The name Kinský developed from the medieval German transcription of the original name Wchynsky, or Vchynský of Vchynice. That’s the village’s name near Lovosice, where the Vchynský landowners had a fortress. Then, it was also written as Chynský. It was not until the Thirty Years’ War that the transcription to the form Kinský or Kinski began to be used. The first bearer of the name written in this way was Count Vilém, who was murdered together with Albrecht of Wallenstein by conspirators in Cheb.

In 1843, Berta Kinská – Suttnerová, the most famous woman of the Kinský family, was also born on the Old Town Square. She once answered an ad saying, “A solvent gentleman from Paris was looking for a secretary.” The ad was placed by the wealthy industrialist Alfred Nobel, who said at the time: “A secretary who speaks three world languages and can type on a Remington typewriter is a miracle.”

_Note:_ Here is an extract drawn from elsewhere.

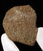 パタゴニアでは、ティタノサウルス類(竜脚類)の集団営巣地が数多く発見されています。中には、胚(赤ちゃん恐竜)が残された卵の化石も確認されています。これらは、多くが竜脚類の卵と考えられています。 特徴としては、 ・ほぼ球形〜亜球形 ・厚く堅固な卵殻 ・表面に粒状のオーナメント(結節状の微細な模様) などが挙げられます。 本標本も、しっかりとした厚みと明瞭なオーナメントが見られます。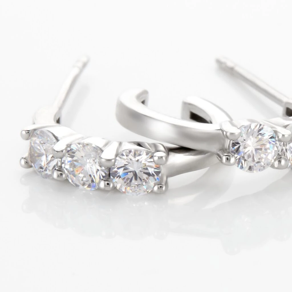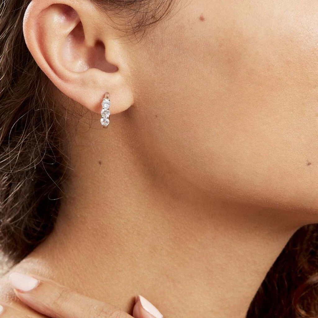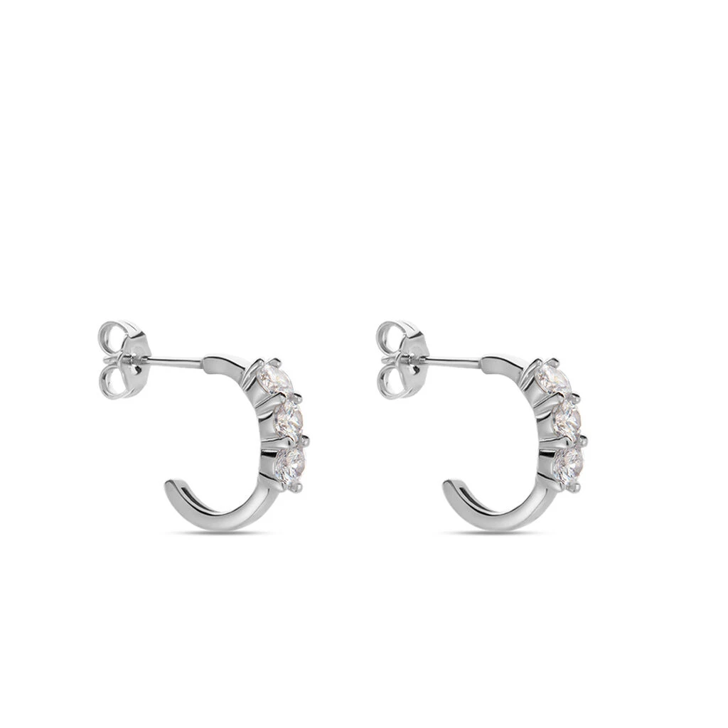Creoles Argent Blanc 925/1000 Trilogie Serti Griffes Oxydes De Zirconium Largeur 3mm Diametre 15.5mm

Berta Kinská-Suttnerová won the Nobel Peace Prize in 1905 as the first woman in the world. However, it is paradoxical that a woman who dedicated her whole life to peace died a month before the outbreak of the First World War. (The war that was started by the assassination of Franz Ferdinand d’Este.)

František Palacký (1798-1876) was a Czech historian, writer and politician. His most significant work is the five-volume book History of the Czech Nation in Bohemia and Moravia. His authority was such that in 1868, he knocked on the foundation stone of the National Theatre. Since then, he has been, in general, known as the “Father of the Nation”.

František Palacký’s portrait is also on the Czech thousand crowns note. This is called in slang a liter (because the volume measurement of one liter has a thousand milliliters), a plate, a tray, a rag, or a stick. But also Palacký or Smetana (composer Bedřich Smetana was on the former thousand crowns note). That’s why you can also get the answer to the question of how much it costs: two Palackýs.

In Kostelec nad Orlicí (140 km east of Prague), there is a castle that is the spitting image of Kinský Summer House. No wonder both buildings were designed by the same architect, Heinrich Koch, and he did it at the owners’ request. The castle owner in Kostelec is the most famous member of the family today, František Kinský. He is known in Kostelec not only as the owner of the castle and co-owner of the Kinský Brickworks there, or because he was the town’s mayor until recently. (He also married couples at the Kostelec castle, and whether it was in the castle salon or the castle park, he told them: “I welcome you to my home / my garden.”) But also because the castle is open to the public – there is a gallery on the first floor, various cultural events are held there, and on the castle’s ground floor is the Museum of the town of Kostelec nad Orlicí.

František Kinský is known throughout the Czech Republic as the guide of a very successful Czech TV series. The series was called Blue Blood and told the stories of individual noble families. All those stories have their dark forty-year period. After the communist putch in February 1948, all property of noble families was confiscated, everyone was persecuted, and many were expelled from the country or imprisoned. A Research Institute for Pig Breeding is set in the Kostelec castle. When the family got it back after the Velvet Revolution in 1989, the castle was so devastated that it was in danger of collapse.